» EXERCISE DETAILS: Copy the closing run of lines, from the one with "A LATE 20TH" through the last line of the listing, exactly and without any pictures.

» EXERCISE MATERIALS:
○ ○ ○ ○ ○
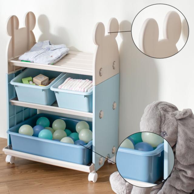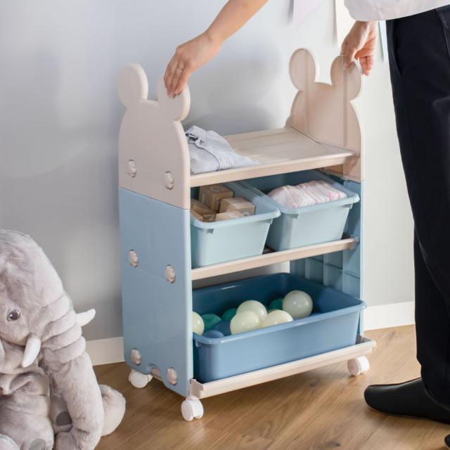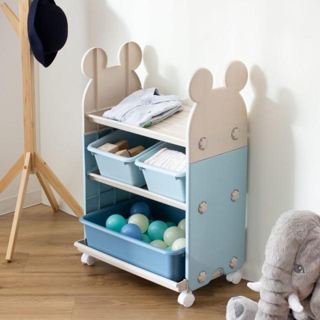 おもちゃ 収納 ラック ミッキーマウス トイステーション エクリュシリーズ ( ベビー 赤ちゃん 収納ワゴン バスケット 棚 おもちゃ箱 キャスター 工具不要 キッズ収納 3段 幅50 子供用 子供部屋 キャラクター ミッキー )
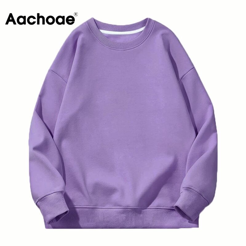 Aachoae O ネックスウェット無地秋冬フリースプルオーバーパーカーバットウィング長袖スポーツトップス ロング シャツ オータム 秋物 ウィンター 冬物 Oネック ソリッドカラー | city&trip
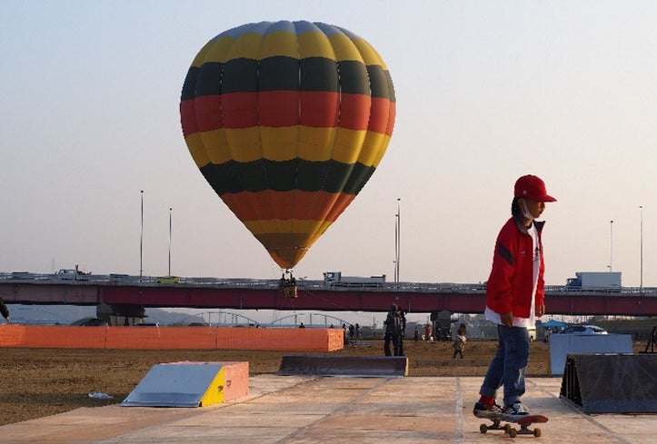 スケートボード体験をはじめ、気球搭乗体験などを家族で楽しめるイベント「わくわくプロジェクト vol.2~河川敷巨大公園化プロジェクト」
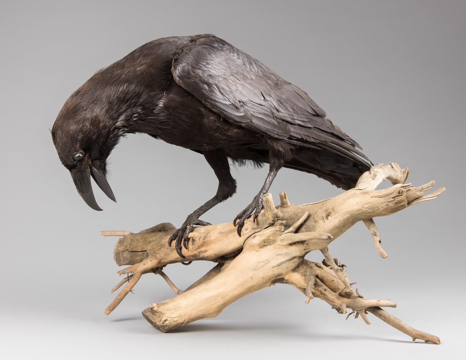 A LATE 20TH CENTURY TAXIDERMY RAVEN UPON A NATURALISTIC BASE.
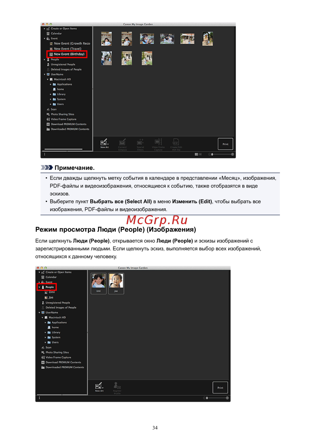 Если щелкнуть Люди (People), открывается окно Люди (People) и эскизы изображений с
○ ○ ○ ○ ○
» ANSWER SPACE:
 A LATE 20TH CENTURY TAXIDERMY RAVEN UPON A NATURALISTIC BASE.
 Если щелкнуть Люди (People), открывается окно Люди (People) и эскизы изображений с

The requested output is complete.